■ **COLLECTED DATA**:
--------------------------------------------------

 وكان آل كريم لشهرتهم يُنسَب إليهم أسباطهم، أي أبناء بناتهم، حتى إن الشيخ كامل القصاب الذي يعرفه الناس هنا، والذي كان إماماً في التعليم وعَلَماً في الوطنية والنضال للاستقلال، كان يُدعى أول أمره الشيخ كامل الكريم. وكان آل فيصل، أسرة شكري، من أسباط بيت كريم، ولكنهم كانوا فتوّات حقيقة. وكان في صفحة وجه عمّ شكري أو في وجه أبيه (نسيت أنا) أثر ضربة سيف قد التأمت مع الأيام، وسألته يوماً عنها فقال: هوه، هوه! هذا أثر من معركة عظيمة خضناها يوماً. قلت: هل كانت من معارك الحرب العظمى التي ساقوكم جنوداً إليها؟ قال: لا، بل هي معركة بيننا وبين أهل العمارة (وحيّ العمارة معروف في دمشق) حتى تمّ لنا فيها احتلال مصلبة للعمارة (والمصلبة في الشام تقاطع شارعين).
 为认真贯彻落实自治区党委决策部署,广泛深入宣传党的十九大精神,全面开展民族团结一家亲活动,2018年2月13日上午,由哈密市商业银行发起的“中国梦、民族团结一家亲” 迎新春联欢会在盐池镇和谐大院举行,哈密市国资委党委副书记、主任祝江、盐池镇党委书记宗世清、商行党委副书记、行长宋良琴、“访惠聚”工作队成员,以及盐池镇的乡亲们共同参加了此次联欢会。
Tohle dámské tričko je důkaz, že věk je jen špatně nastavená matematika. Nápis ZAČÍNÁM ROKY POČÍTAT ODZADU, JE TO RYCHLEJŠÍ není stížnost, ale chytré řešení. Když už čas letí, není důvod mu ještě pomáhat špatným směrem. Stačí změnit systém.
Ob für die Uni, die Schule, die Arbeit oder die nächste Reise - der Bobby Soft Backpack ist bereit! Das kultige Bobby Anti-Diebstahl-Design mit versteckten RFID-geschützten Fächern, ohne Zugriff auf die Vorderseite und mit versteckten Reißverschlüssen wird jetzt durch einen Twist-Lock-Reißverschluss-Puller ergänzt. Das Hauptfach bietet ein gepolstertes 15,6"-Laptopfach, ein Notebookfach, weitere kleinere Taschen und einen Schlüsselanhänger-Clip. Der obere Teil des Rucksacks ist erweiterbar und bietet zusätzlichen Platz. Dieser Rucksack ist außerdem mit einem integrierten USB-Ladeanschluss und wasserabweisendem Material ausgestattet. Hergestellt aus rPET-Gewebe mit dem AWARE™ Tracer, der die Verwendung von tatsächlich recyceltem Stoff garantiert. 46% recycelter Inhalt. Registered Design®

--------------------------------------------------

Set down the entire listing above again, word for word.

■ **OUTPUT OF THE EXERCISE**:
 وكان آل كريم لشهرتهم يُنسَب إليهم أسباطهم، أي أبناء بناتهم، حتى إن الشيخ كامل القصاب الذي يعرفه الناس هنا، والذي كان إماماً في التعليم وعَلَماً في الوطنية والنضال للاستقلال، كان يُدعى أول أمره الشيخ كامل الكريم. وكان آل فيصل، أسرة شكري، من أسباط بيت كريم، ولكنهم كانوا فتوّات حقيقة. وكان في صفحة وجه عمّ شكري أو في وجه أبيه (نسيت أنا) أثر ضربة سيف قد التأمت مع الأيام، وسألته يوماً عنها فقال: هوه، هوه! هذا أثر من معركة عظيمة خضناها يوماً. قلت: هل كانت من معارك الحرب العظمى التي ساقوكم جنوداً إليها؟ قال: لا، بل هي معركة بيننا وبين أهل العمارة (وحيّ العمارة معروف في دمشق) حتى تمّ لنا فيها احتلال مصلبة للعمارة (والمصلبة في الشام تقاطع شارعين).
 为认真贯彻落实自治区党委决策部署,广泛深入宣传党的十九大精神,全面开展民族团结一家亲活动,2018年2月13日上午,由哈密市商业银行发起的“中国梦、民族团结一家亲” 迎新春联欢会在盐池镇和谐大院举行,哈密市国资委党委副书记、主任祝江、盐池镇党委书记宗世清、商行党委副书记、行长宋良琴、“访惠聚”工作队成员,以及盐池镇的乡亲们共同参加了此次联欢会。
Tohle dámské tričko je důkaz, že věk je jen špatně nastavená matematika. Nápis ZAČÍNÁM ROKY POČÍTAT ODZADU, JE TO RYCHLEJŠÍ není stížnost, ale chytré řešení. Když už čas letí, není důvod mu ještě pomáhat špatným směrem. Stačí změnit systém.
Ob für die Uni, die Schule, die Arbeit oder die nächste Reise - der Bobby Soft Backpack ist bereit! Das kultige Bobby Anti-Diebstahl-Design mit versteckten RFID-geschützten Fächern, ohne Zugriff auf die Vorderseite und mit versteckten Reißverschlüssen wird jetzt durch einen Twist-Lock-Reißverschluss-Puller ergänzt. Das Hauptfach bietet ein gepolstertes 15,6"-Laptopfach, ein Notebookfach, weitere kleinere Taschen und einen Schlüsselanhänger-Clip. Der obere Teil des Rucksacks ist erweiterbar und bietet zusätzlichen Platz. Dieser Rucksack ist außerdem mit einem integrierten USB-Ladeanschluss und wasserabweisendem Material ausgestattet. Hergestellt aus rPET-Gewebe mit dem AWARE™ Tracer, der die Verwendung von tatsächlich recyceltem Stoff garantiert. 46% recycelter Inhalt. Registered Design®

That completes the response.